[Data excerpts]
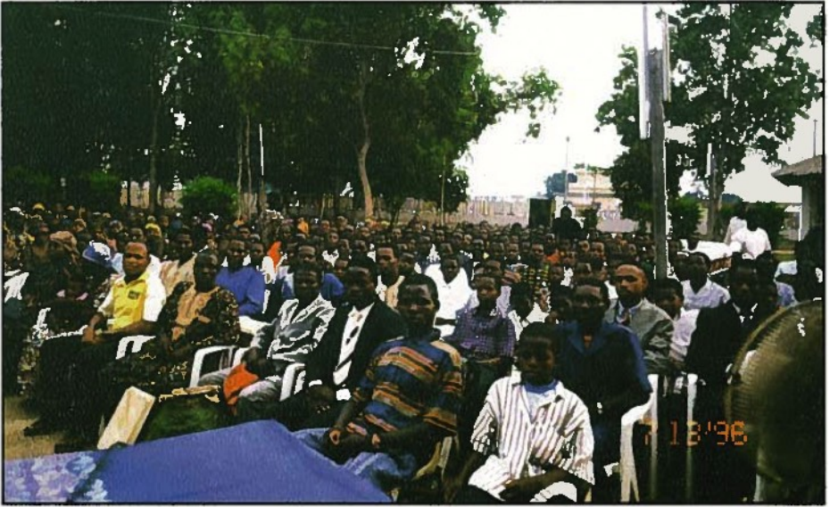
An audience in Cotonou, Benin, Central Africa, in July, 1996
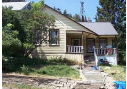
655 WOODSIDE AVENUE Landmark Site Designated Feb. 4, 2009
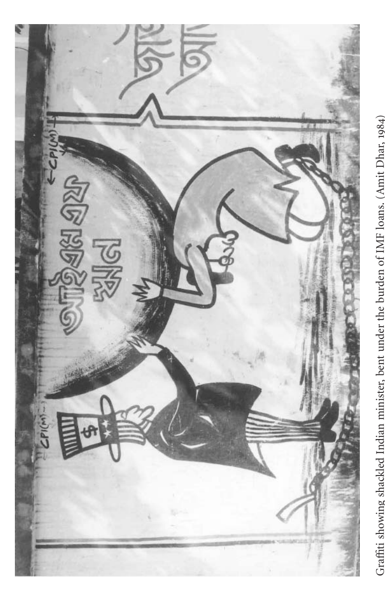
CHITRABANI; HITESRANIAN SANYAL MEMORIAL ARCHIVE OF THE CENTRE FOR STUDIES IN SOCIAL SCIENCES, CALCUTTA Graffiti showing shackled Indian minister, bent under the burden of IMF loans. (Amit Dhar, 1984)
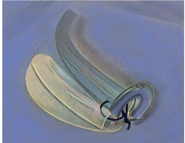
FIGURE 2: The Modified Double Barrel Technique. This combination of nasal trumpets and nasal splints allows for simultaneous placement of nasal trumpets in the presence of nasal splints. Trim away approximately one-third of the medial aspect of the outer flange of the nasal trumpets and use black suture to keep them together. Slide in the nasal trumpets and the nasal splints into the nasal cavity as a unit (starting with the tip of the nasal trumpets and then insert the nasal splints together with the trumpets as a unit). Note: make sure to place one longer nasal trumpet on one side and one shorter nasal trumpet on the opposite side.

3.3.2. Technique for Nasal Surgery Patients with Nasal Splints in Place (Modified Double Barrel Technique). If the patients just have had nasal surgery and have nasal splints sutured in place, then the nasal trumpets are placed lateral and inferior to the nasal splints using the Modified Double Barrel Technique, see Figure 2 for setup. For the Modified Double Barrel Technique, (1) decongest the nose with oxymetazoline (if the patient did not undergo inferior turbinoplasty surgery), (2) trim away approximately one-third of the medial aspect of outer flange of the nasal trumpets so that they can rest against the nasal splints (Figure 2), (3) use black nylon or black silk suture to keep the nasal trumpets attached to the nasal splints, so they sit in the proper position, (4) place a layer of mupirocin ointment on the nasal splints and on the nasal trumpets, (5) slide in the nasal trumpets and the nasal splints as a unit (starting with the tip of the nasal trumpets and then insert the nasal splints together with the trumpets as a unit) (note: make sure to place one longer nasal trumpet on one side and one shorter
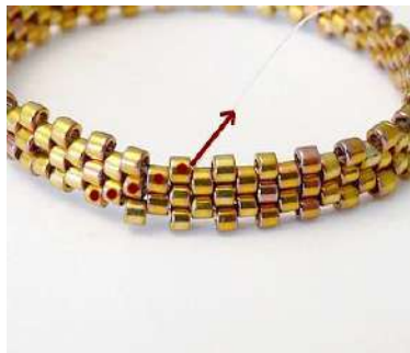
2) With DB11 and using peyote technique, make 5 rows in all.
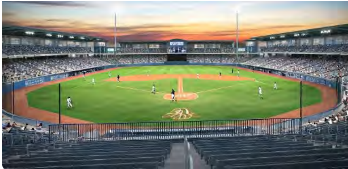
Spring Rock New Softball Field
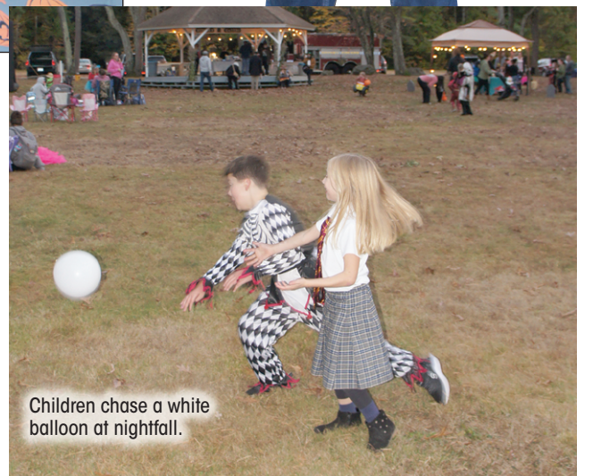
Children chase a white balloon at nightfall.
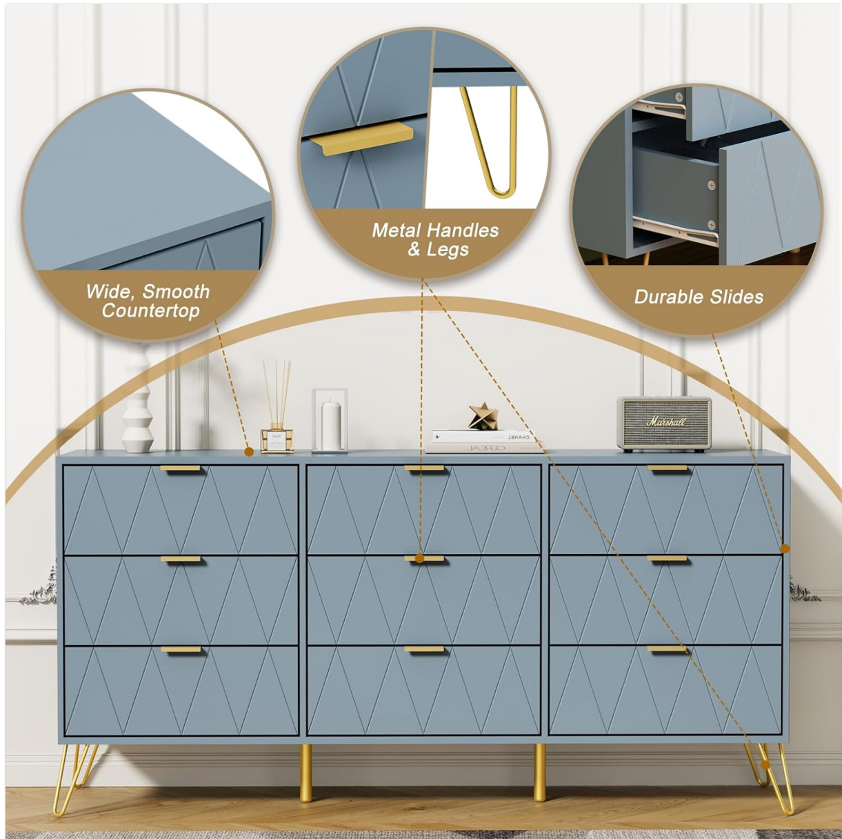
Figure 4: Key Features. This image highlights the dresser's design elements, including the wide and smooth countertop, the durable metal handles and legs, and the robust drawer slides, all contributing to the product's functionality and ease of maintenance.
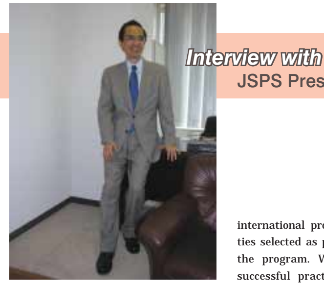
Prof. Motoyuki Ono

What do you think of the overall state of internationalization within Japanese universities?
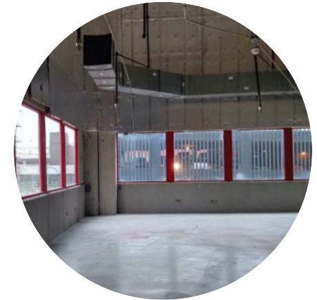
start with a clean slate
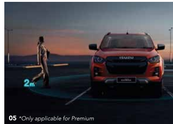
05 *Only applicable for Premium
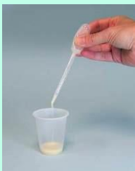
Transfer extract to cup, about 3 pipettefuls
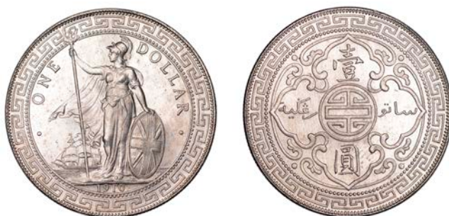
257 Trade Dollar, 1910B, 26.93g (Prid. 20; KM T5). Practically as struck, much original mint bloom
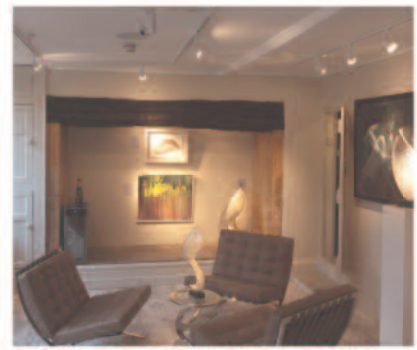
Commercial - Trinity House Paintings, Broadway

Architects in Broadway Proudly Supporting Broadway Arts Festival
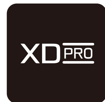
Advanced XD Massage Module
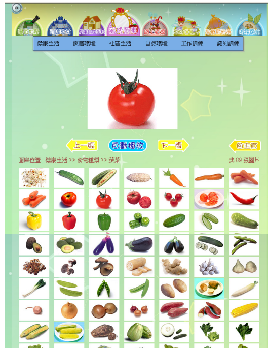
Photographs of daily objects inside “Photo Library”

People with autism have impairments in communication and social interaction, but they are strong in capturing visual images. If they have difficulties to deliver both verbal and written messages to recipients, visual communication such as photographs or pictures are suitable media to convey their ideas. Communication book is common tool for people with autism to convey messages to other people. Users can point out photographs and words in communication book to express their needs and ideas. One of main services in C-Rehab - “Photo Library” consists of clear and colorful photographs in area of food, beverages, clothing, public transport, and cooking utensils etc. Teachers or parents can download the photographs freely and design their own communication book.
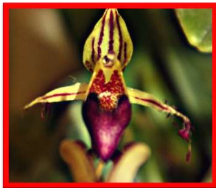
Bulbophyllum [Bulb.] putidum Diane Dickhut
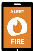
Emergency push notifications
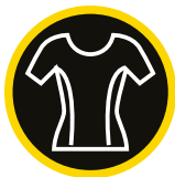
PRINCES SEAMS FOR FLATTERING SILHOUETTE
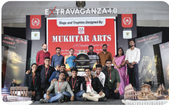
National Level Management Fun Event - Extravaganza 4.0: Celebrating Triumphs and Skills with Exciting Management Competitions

*WORK ITEM*
Make an exact copy of the lines above, beginning with the line with "655 WOODSIDE AVENUE" and ending with the line with "CHITRABANI; HITESRANIAN SANYAL", and keep the pictures out of it.

*WRITTEN RESPONSE*
655 WOODSIDE AVENUE Landmark Site Designated Feb. 4, 2009
CHITRABANI; HITESRANIAN SANYAL MEMORIAL ARCHIVE OF THE CENTRE FOR STUDIES IN SOCIAL SCIENCES, CALCUTTA Graffiti showing shackled Indian minister, bent under the burden of IMF loans. (Amit Dhar, 1984)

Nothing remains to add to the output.